Published in:
01-07-2022 | Original Article
Neuroimaging-ITM: A Text Mining Pipeline Combining Deep Adversarial Learning with Interaction Based Topic Modeling for Enabling the FAIR Neuroimaging Study
Authors:
Jianzhuo Yan, Lihong Chen, Yongchuan Yu, Hongxia Xu, Zhe Xu, Ying Sheng, Jianhui Chen
Published in:
Neuroinformatics
|
Issue 3/2022
Login to get access
Abstract
Sharing various neuroimaging digital resources have received widespread attention in FAIR (Findable, Accessible, Interoperable and Reusable) neuroscience. In order to support a comprehensive understanding of brain cognition, neuroimaging provenance should be constructed to characterize both research processes and results, and integrates various digital resources for quick replication and open cooperation. This brings new challenges to neuroimaging text mining, including fragmented information, lack of labelled corpora, and vague topics. This paper proposes a text mining pipeline for enabling the FAIR neuroimaging study. In order to avoid fragmented information, the Brain Informatics provenance model is redesigned based on NIDM (Neuroimaging Data Model) and FAIR facets.
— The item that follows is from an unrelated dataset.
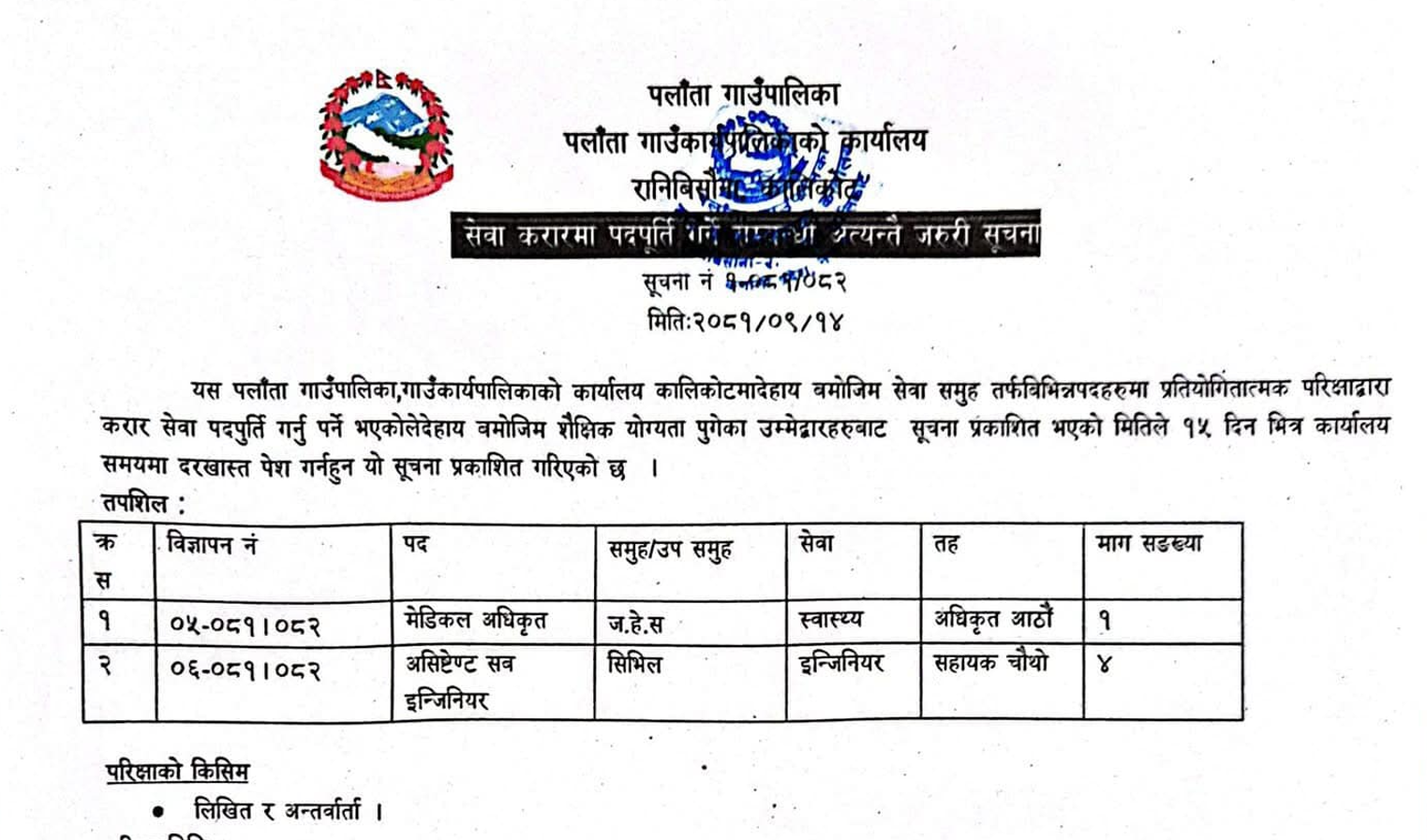 पलाँता गाउँपालिकामा कर्मचारी आवश्यकता सम्बन्धी सूचना
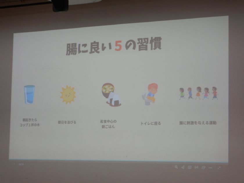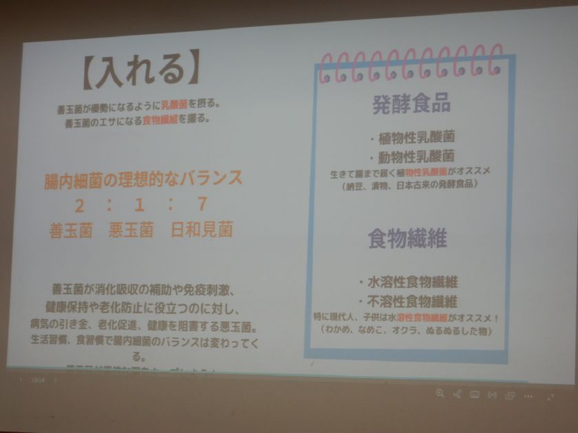 *腸には3つの菌がすんでいて、その中の一つ善玉菌が沢山増えるような食事が大切!などなど・・・。もっともっと深いお話を沢山していただきました。教員も勉強させていただきました!

It can systematically capture the provenance requests from the FAIR neuroimaging study and then transform them into a group of text mining tasks. A neuroimaging text mining pipeline combining deep adversarial learning with interaction based topic modeling, called neuroimaging interaction topic model (Neuroimaging-ITM), is proposed to automatically extract neuroimaging provenance and identify research topics in the few-shot scenario. Finally, a group of experiments is completed by using real data from the journal PloS One. The experimental results show that Neuroimaging-ITM can systematically and accurately extract provenance information and obtain high-quality research topics from the full text of neuroimaging articles. Most of the mean F1 values of provenance extraction exceed 0.9. The topic coherence and KL (Kullback–Leibler) divergence reach 9.95 and 0.96 respectively. The results are obviously better than baseline methods.